▶ EXERCISE DIRECTIONS
Using the data below, set down every line from the one containing "Es kann ausgewählt" through the one containing "ㅇ전문 인력 투입하여", inclusive and unchanged. Pictures are to be skipped.

─── MATERIAL SHOWN ───

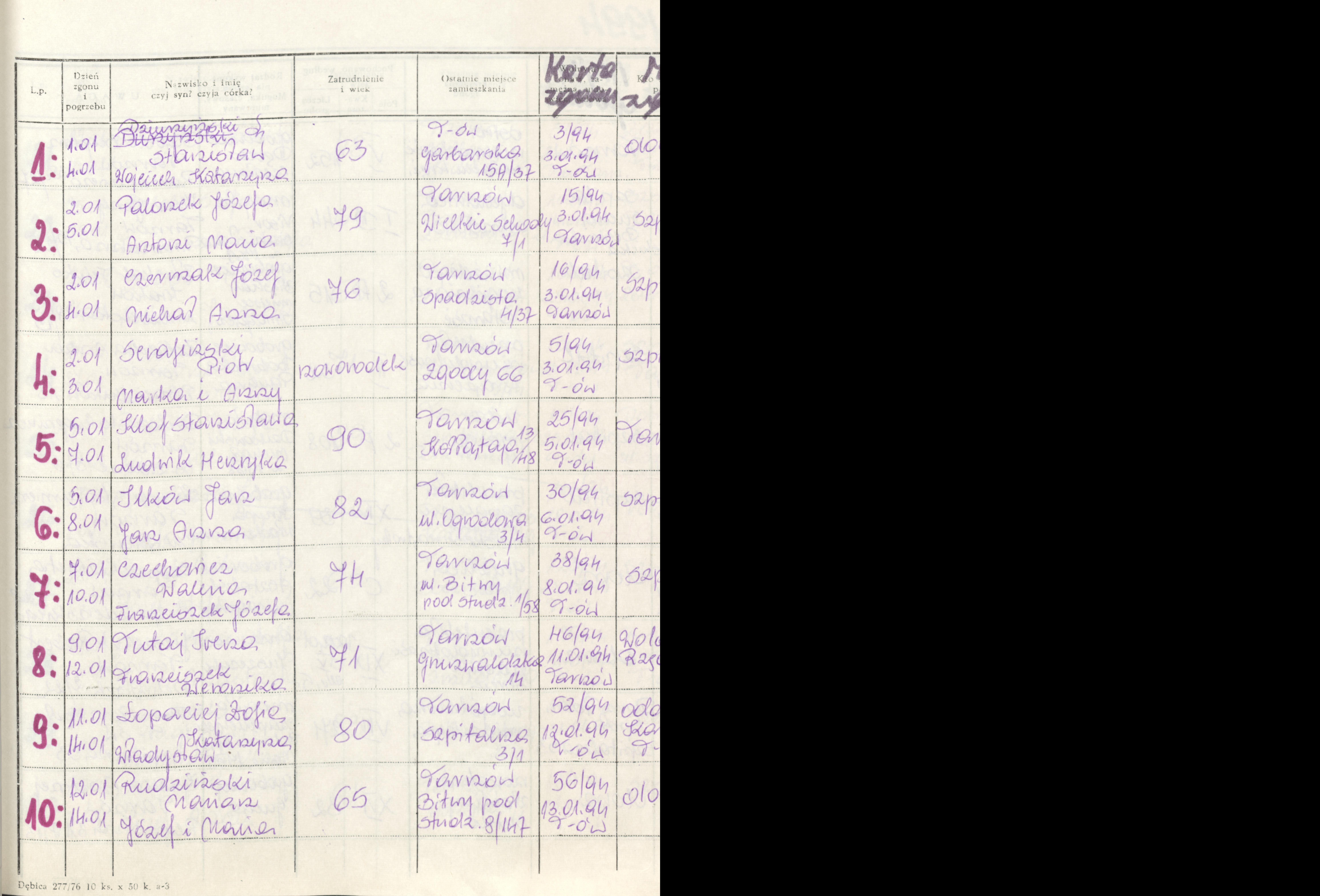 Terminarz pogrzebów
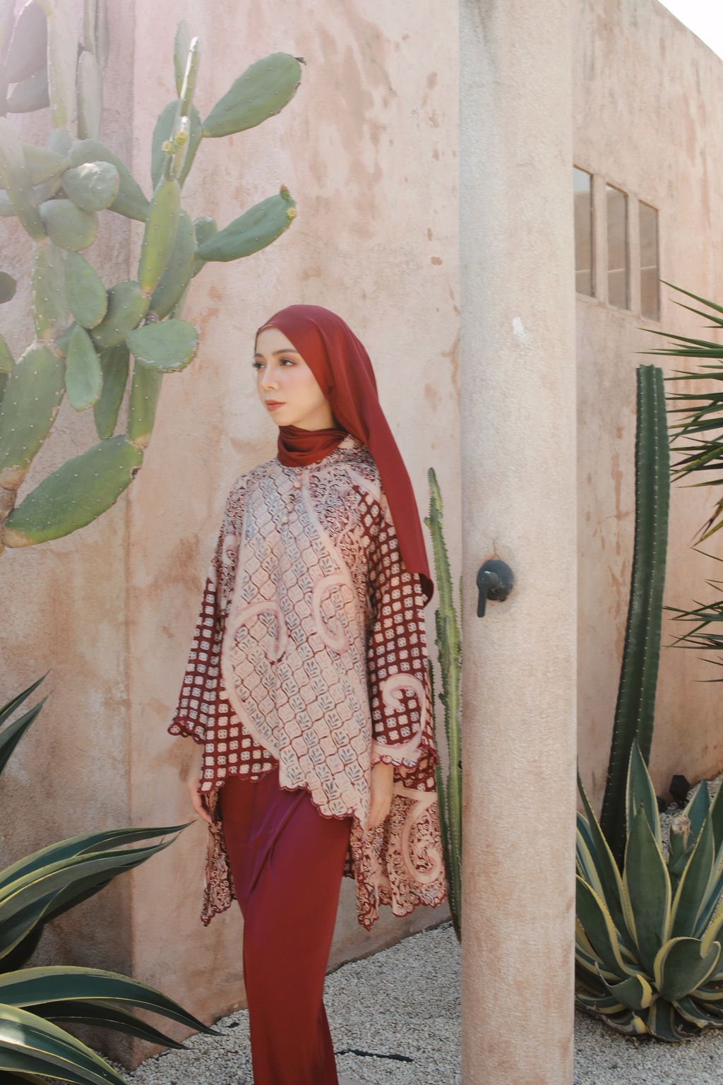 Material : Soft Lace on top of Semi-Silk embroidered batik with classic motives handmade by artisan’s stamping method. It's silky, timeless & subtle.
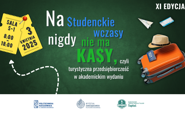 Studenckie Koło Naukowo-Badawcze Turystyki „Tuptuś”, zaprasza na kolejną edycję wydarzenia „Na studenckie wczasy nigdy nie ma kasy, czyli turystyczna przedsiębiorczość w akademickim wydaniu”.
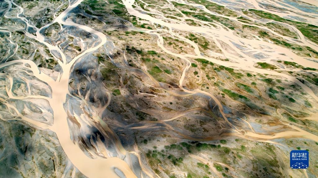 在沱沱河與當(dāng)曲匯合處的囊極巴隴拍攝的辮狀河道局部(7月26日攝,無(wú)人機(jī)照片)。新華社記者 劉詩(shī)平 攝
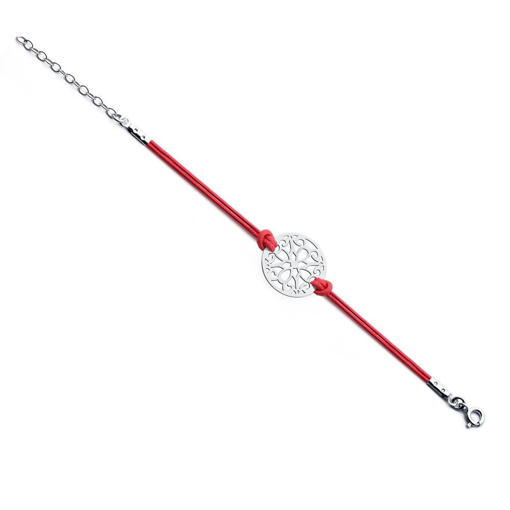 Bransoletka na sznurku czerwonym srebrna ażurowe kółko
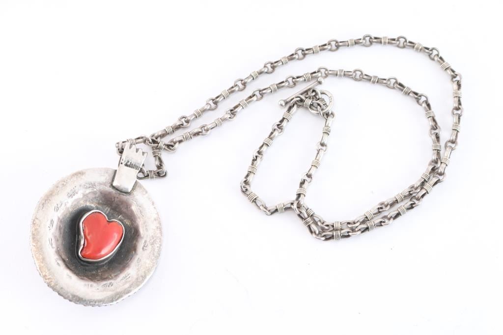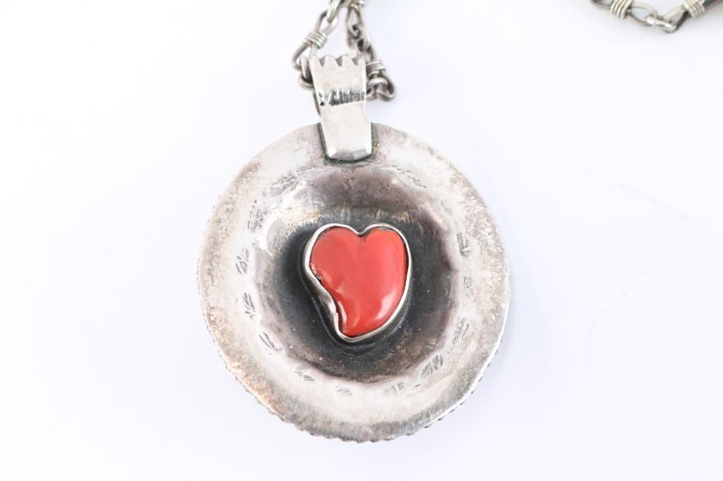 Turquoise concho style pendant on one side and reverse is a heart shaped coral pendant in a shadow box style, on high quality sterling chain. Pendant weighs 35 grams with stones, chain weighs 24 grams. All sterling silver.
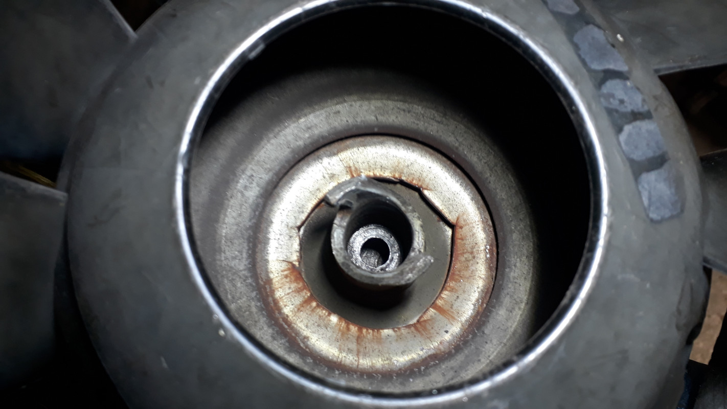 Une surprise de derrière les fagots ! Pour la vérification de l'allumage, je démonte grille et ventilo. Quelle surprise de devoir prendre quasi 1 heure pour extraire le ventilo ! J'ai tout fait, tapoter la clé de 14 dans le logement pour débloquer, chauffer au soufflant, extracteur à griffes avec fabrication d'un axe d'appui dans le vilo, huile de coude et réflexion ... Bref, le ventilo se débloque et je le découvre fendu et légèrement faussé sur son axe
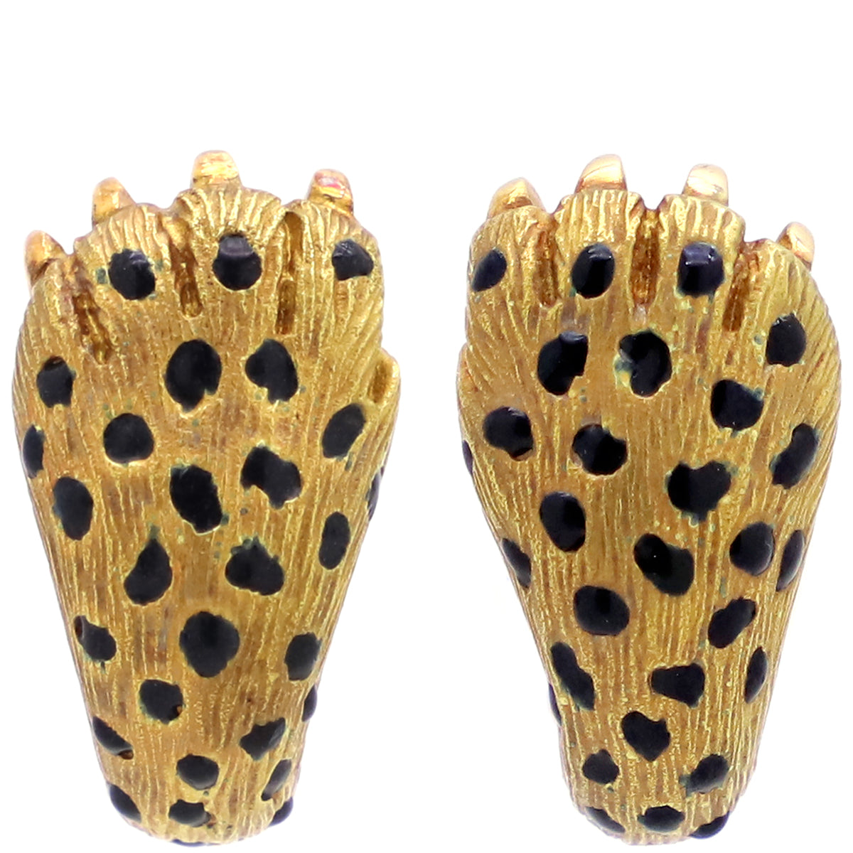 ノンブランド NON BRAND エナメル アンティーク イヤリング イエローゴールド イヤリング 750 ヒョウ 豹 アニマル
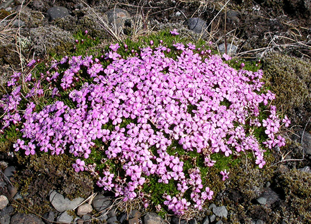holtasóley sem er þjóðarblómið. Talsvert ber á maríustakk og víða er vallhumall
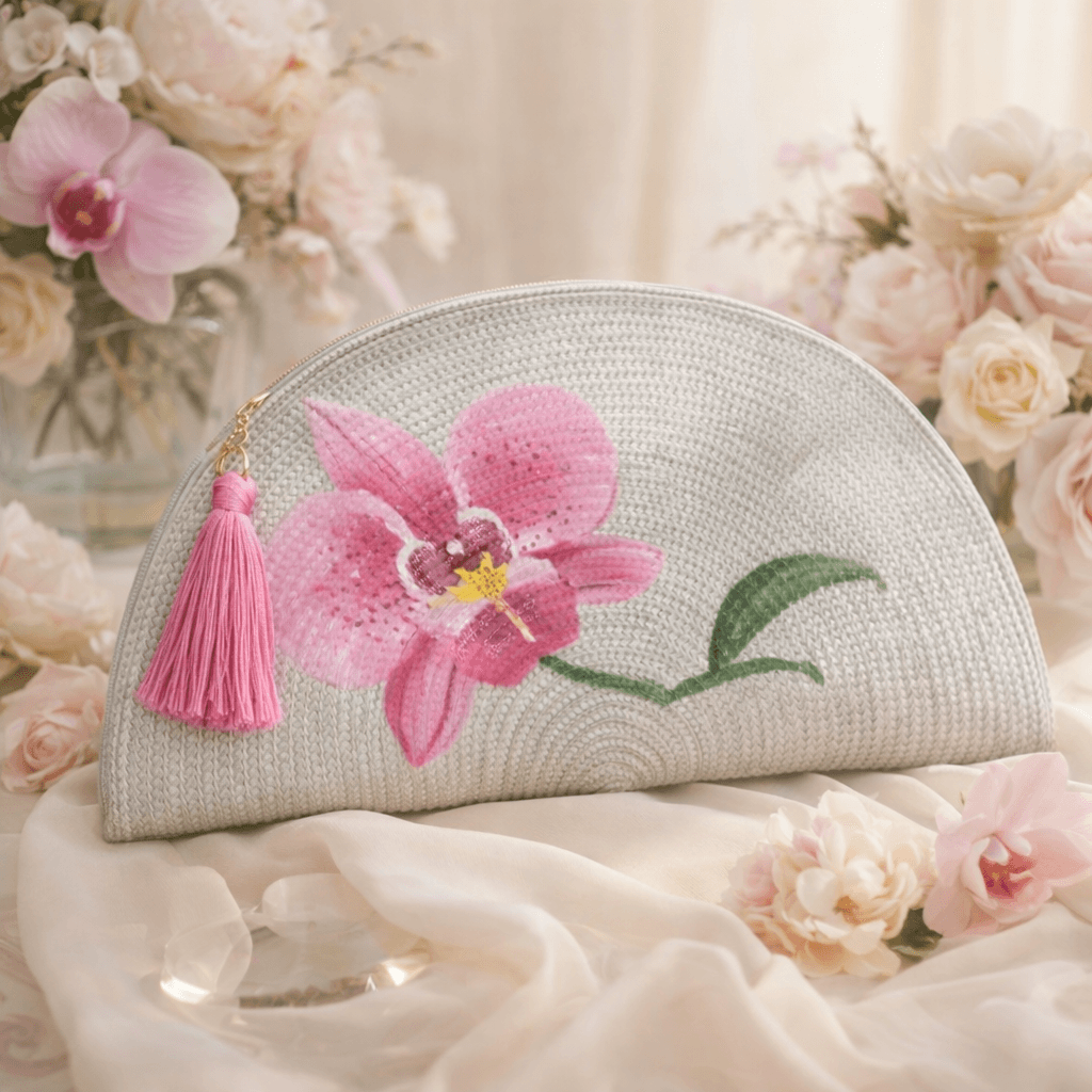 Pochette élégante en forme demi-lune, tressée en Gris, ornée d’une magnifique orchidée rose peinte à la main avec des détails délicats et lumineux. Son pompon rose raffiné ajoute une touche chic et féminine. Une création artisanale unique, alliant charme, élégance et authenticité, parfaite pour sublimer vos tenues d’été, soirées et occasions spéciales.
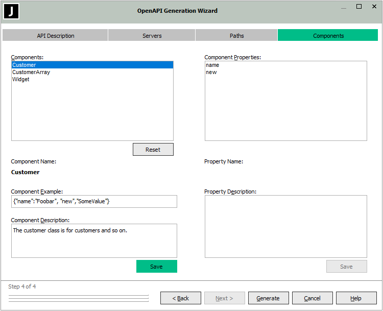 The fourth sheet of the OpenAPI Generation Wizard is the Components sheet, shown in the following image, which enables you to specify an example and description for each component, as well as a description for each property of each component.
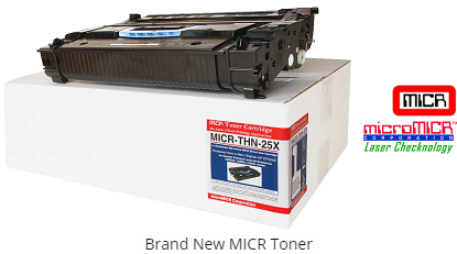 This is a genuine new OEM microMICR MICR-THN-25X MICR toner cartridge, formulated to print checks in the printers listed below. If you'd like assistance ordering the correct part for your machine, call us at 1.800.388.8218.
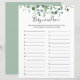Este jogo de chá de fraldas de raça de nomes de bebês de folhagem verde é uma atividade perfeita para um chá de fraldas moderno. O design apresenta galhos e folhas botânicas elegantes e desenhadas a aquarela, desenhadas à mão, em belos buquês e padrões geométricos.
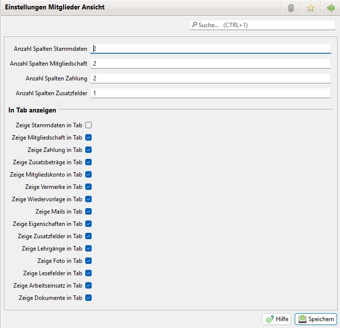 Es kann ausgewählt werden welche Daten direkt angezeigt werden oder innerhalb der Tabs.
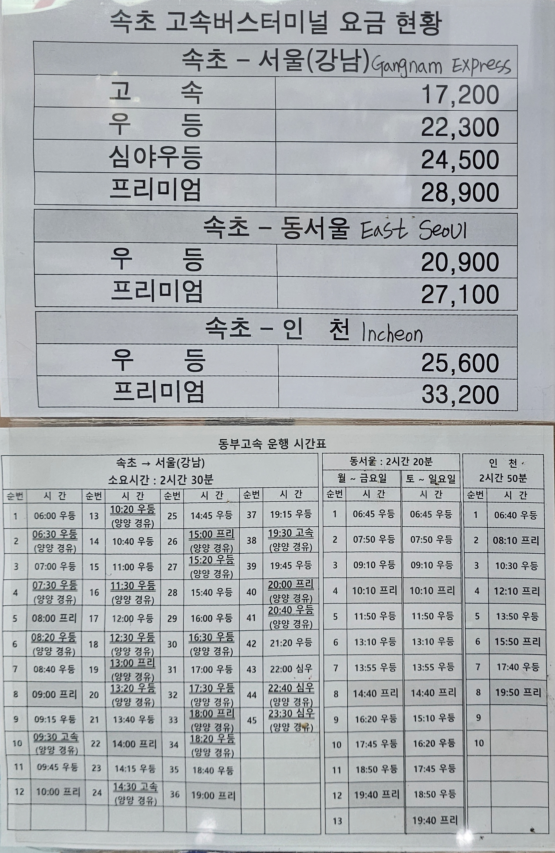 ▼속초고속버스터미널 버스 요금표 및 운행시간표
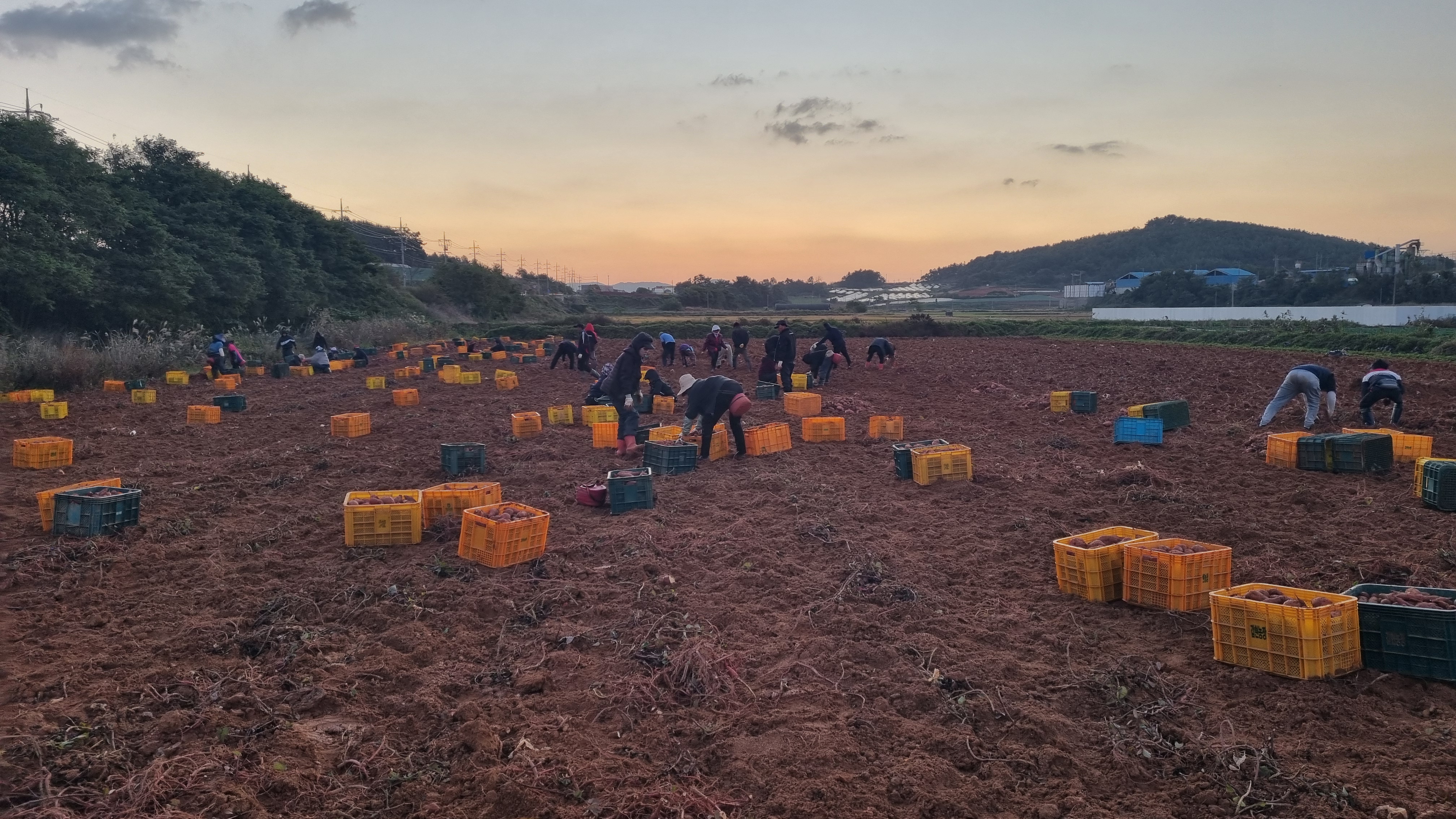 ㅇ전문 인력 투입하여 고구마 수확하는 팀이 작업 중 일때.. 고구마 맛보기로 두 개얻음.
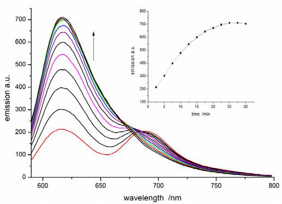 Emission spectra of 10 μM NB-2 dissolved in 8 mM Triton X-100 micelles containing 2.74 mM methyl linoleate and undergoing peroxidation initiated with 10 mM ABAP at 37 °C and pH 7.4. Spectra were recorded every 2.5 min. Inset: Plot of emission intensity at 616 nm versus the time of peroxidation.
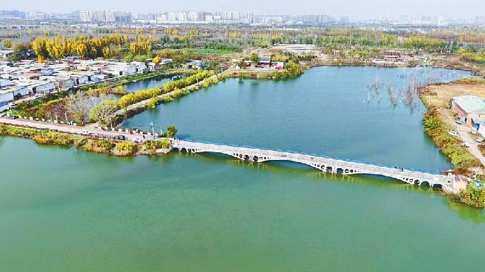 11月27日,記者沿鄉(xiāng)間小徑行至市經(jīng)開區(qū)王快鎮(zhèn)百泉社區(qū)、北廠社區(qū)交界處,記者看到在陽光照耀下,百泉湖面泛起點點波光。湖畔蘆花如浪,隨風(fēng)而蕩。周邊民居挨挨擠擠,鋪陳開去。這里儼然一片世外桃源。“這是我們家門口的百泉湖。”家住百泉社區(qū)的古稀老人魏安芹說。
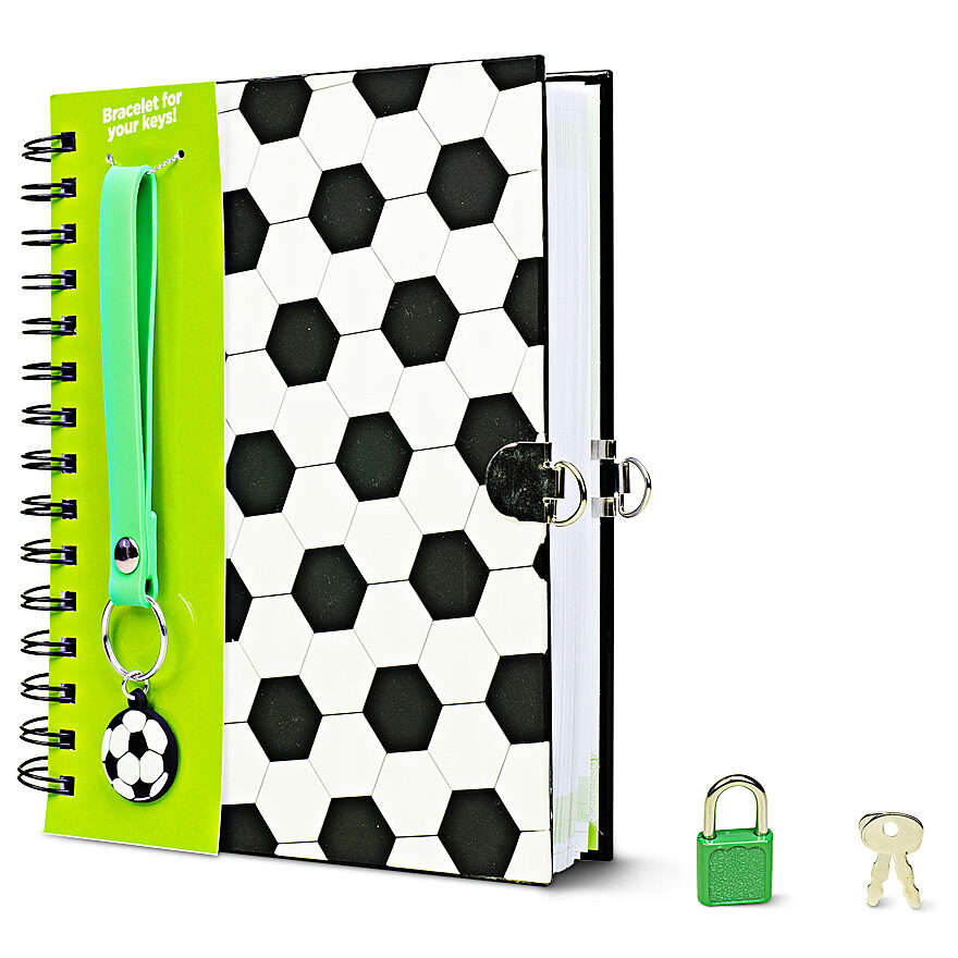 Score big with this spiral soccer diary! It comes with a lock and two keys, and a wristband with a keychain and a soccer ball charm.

───

▶ FINISHED EXERCISE
 Es kann ausgewählt werden welche Daten direkt angezeigt werden oder innerhalb der Tabs.
 ▼속초고속버스터미널 버스 요금표 및 운행시간표
 ㅇ전문 인력 투입하여 고구마 수확하는 팀이 작업 중 일때.. 고구마 맛보기로 두 개얻음.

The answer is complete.